### SUPPLIED DATA
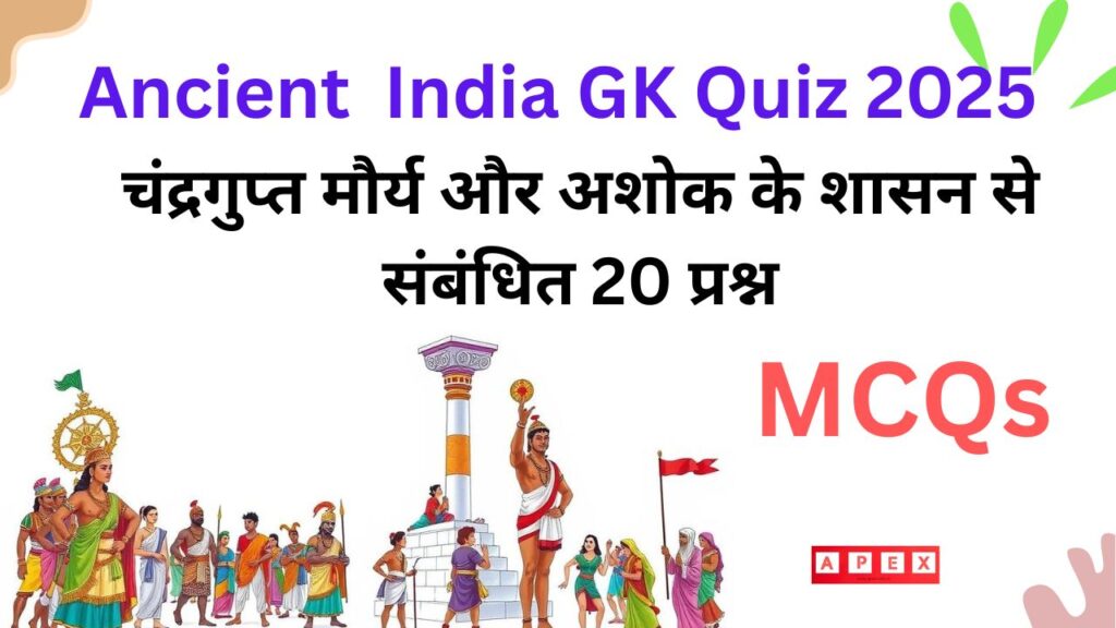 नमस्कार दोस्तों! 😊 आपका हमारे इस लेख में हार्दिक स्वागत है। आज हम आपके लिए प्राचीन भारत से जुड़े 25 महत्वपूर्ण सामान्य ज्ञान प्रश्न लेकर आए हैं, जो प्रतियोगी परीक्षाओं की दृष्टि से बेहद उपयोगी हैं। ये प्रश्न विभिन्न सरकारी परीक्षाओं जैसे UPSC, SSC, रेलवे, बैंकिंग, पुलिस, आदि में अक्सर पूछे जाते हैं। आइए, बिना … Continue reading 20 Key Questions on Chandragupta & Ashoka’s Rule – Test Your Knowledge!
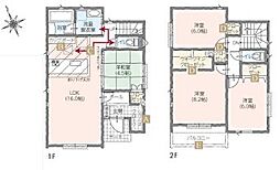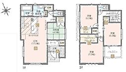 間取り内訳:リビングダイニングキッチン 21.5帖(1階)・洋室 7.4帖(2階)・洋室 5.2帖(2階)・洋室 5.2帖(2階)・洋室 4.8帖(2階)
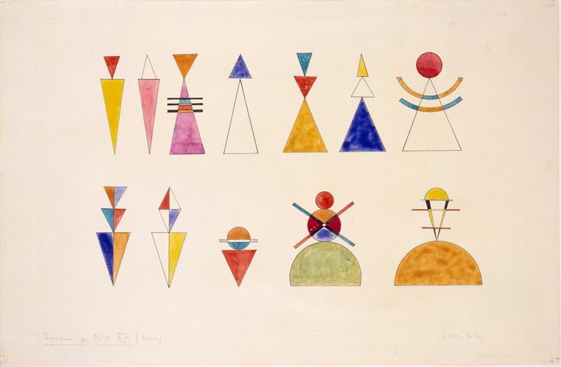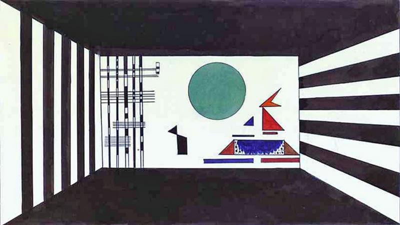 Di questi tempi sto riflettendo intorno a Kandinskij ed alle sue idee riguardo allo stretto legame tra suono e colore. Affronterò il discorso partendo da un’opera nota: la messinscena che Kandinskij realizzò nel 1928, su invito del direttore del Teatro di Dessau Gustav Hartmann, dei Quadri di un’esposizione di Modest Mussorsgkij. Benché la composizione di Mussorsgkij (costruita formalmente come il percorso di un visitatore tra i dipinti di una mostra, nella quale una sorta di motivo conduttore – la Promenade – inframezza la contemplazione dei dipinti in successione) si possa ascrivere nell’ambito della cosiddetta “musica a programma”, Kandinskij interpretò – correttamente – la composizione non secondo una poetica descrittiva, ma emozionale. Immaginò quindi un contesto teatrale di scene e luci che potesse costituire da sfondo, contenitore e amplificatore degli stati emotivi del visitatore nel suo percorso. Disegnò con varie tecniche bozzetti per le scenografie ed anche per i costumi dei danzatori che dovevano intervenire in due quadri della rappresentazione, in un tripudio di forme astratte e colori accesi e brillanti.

### WORK TO COMPLETE
Without the pictures, reproduce each line from the one containing "間取り内訳:リビングダイニングキッチン 21.5帖(1階)・洋室 7.4帖(2階)・洋室" through the last line of the material above, both of those lines included.

### RESPONSE AREA
 間取り内訳:リビングダイニングキッチン 21.5帖(1階)・洋室 7.4帖(2階)・洋室 5.2帖(2階)・洋室 5.2帖(2階)・洋室 4.8帖(2階)
 Di questi tempi sto riflettendo intorno a Kandinskij ed alle sue idee riguardo allo stretto legame tra suono e colore. Affronterò il discorso partendo da un’opera nota: la messinscena che Kandinskij realizzò nel 1928, su invito del direttore del Teatro di Dessau Gustav Hartmann, dei Quadri di un’esposizione di Modest Mussorsgkij. Benché la composizione di Mussorsgkij (costruita formalmente come il percorso di un visitatore tra i dipinti di una mostra, nella quale una sorta di motivo conduttore – la Promenade – inframezza la contemplazione dei dipinti in successione) si possa ascrivere nell’ambito della cosiddetta “musica a programma”, Kandinskij interpretò – correttamente – la composizione non secondo una poetica descrittiva, ma emozionale. Immaginò quindi un contesto teatrale di scene e luci che potesse costituire da sfondo, contenitore e amplificatore degli stati emotivi del visitatore nel suo percorso. Disegnò con varie tecniche bozzetti per le scenografie ed anche per i costumi dei danzatori che dovevano intervenire in due quadri della rappresentazione, in un tripudio di forme astratte e colori accesi e brillanti.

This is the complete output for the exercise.